Netguru has worked with dozens of clients, ranging from startups to big corporations, for more than 8 years now. One of the key strategic decisions for any organisation thinking about software development is whether to hire full-time employees, freelance contractors or an agency like Netguru. Here are my tips on calculating the cost of each option, and what to look for when discussing pricing with agencies.
Our eight years of experience has taught me a lot, but the most important thing I’ve learned is that projects fail because they wait too long to be completed. I’ve seen product owners and CEOs lose dozens of opportunities because they didn’t take action – they either took too much time to make a decision, or spent too long time waiting for the right talent. I’ve come to realise that the most valuable factor in the process is not money, but time. So all costs and risks should always be multiplied by the number of days they involve. People often forget this while deciding how to acquire their development talent.
Hiring full time employees for an in-house development team
Some time ago we shed some light on the number of things you need to know before growing your own in-house development team. We highlighted that you may end up buried under organisational issues and hidden costs, e.g. the underestimated cost of software. A newcomer to the team means introducing new habits and ideas into the process. Creating an in-house team is difficult, and it definitely won't happen overnight. You will need to solve a lot of organizational issues. You will also need to provide office space and equipment, and deal with the different working habits of your freelancers.

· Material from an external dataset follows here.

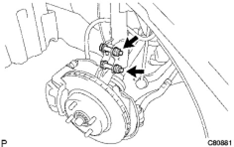 (d) Remove the 2 nuts on the lower side of the front shock absorber.
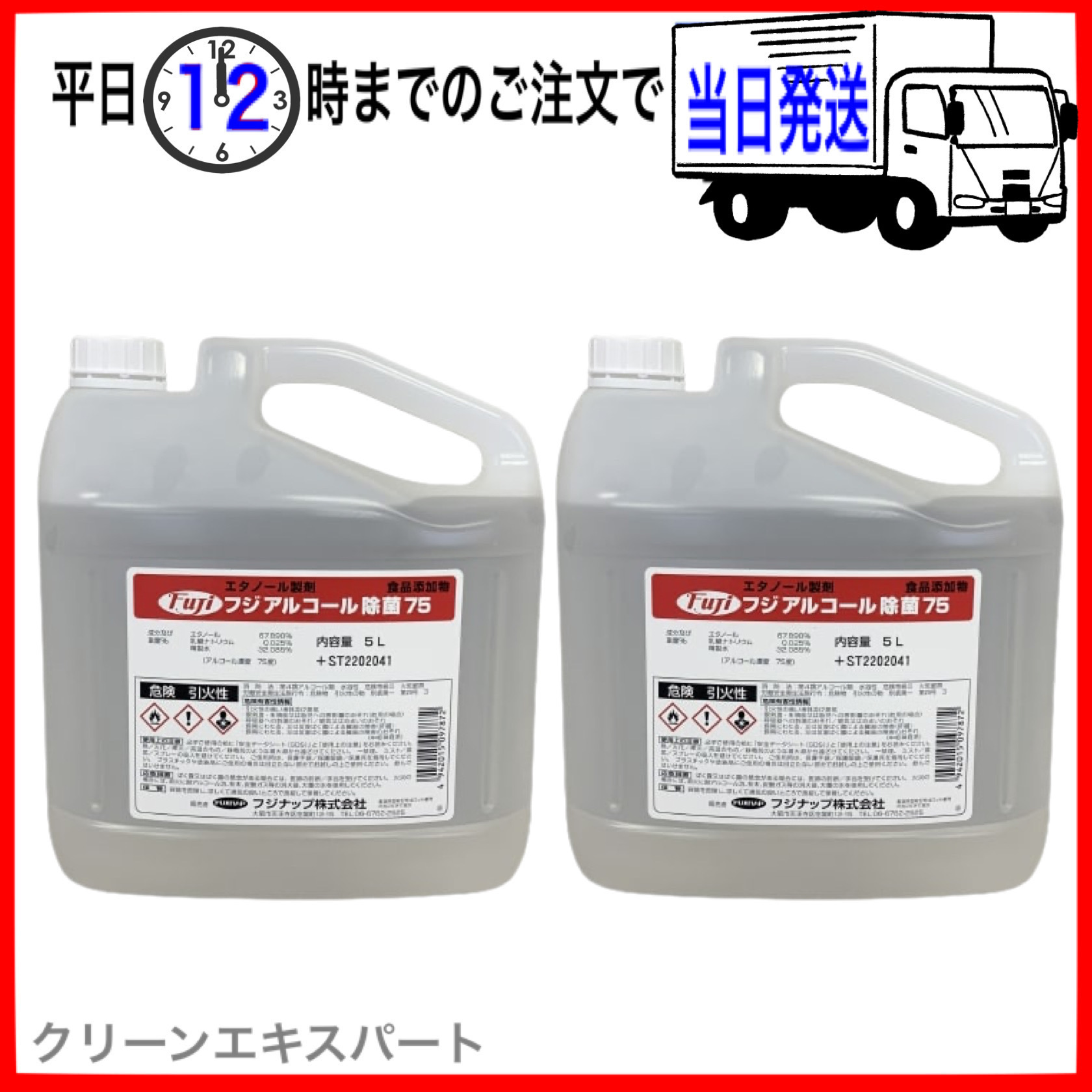 FUJIナップアルコール75 2本 除菌 食品添加物 エタノール製剤 大容量 5L【専用コック付き】【送料無料】(旧フジアルコール75)

In-house dev teams by nature prefer the status quo, and hesitation to make quick changes in the speed and direction of your business constitutes a hidden cost. You have to spend time coaching new members of the team. If you change the technology you use, you’ll have to hire new people, or wait for your team to acquire new skills. If you want to eliminate a technology, you’ll have to make somebody redundant. This will make your development process less flexible. That could derail your entire business, leaving you with no results.

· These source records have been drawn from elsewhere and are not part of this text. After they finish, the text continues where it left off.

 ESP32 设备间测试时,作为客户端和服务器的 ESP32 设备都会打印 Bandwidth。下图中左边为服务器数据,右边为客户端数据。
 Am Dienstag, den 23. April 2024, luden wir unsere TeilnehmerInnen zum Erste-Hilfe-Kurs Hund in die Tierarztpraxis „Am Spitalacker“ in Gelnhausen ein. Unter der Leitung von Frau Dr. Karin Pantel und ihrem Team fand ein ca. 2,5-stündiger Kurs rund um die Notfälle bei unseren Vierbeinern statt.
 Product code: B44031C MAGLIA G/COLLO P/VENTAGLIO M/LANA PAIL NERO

On the other hand, it goes without saying that an in-house dev team will always be committed to the project. You won't have to worry that the people you’re working with will come and go, because a regular contract will guarantee that your relationship will last longer. What's more, the members of an in-house dev team may have a better understanding of the business and the product’s features, especially in terms of relations with other departments. I strongly advise our clients to have their own internal teams working with our experts, to sustain high quality for the project.
Maybe freelance contractors then?
Obviously, hiring freelance contractors also has many advantages. First of all, this option is definitely the cheapest, which often is very important for young startups. Secondly, as freelancers have to divide their time into smaller blocks dedicated to various projects, they will definitely focus on speed in delivering your product. What's more, freelancers tend to have good communications skills, which are crucial to acquire new clients and stay on the market.

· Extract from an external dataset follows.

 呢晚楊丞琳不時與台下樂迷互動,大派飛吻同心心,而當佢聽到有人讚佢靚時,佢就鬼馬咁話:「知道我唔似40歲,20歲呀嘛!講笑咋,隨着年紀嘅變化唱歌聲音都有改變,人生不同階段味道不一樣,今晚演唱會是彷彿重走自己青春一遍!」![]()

On the other hand, hiring freelance contractors may pose a risk for your business. Don’t be misled by costs that appear lower than those of an in-house dev team or hiring an agency; you will be forced to manage a group of total strangers, with completely different work habits. As a result, instead of focusing on the outside (acquiring clients, looking for opportunities) you will have to spend your time and energy on the inside (reviewing code, solving conflicts, managing the team).
What’s more, the continuity of your project will also be at risk. Freelancers come and go, and your project is not their only project. Another risk is that a lot of freelance contractors work on the basis of fixed-cost pricing. While this sounds like a good idea at first, it doesn't address the unexpected complications that lie ahead in the development process. As a result, you risk that when your project comes to a dead end because of its complexity, freelance contractors may simply not do their best to solve the problem, as they can consider it too hard for the previously fixed price.
Costs of hiring an agency
Hiring an agency can solve a lot of the problems mentioned above. But you need to know that comparing an agency’s cost per hour with that of a freelancer is like comparing apples to oranges.
When hiring developers from an agency, you hire a person backed by the shared experience and acquired knowledge of a whole team of people. It’s impossible to buy all that from just one freelancer.
You don’t pay for the management, because you collaborate with a team of people who not only know each other but also are already managed by somebody else.
They’re fully committed to your product only.
Development agencies tend to hire people who are up-to-date with the latest stack, are focused on professional development and want to acquire new skills and experience.
When you work with an agency, you hire motivated top talents. You don't have to worry that your software will be outdated. They have to speed up; the agency dictates the pace of work. As a result, developers in an agency learn much faster than in-house dev team members.
Agencies often offer a free trial period. They have a brand to protect, and an incentive to keep clients happy.
Agencies will provide you with the best service possible because they know they’ve acquired some of their clients through other people’s recommendations. At Netguru, for example, every project gets a Project Manager and a Quality Assurance Specialist free of charge.
Again, remember that time is always the most important factor. Don’t spend your time and energy on management tasks that you can hire others to do better and cheaper. By working together with an agency, you’ll create the best possible strategy and ensure your development process is a success. Remember that time is much more valuable than money. Spend it on making your business grow and making your dreams come true, rather than on micromanaging and solving irrelevant issues.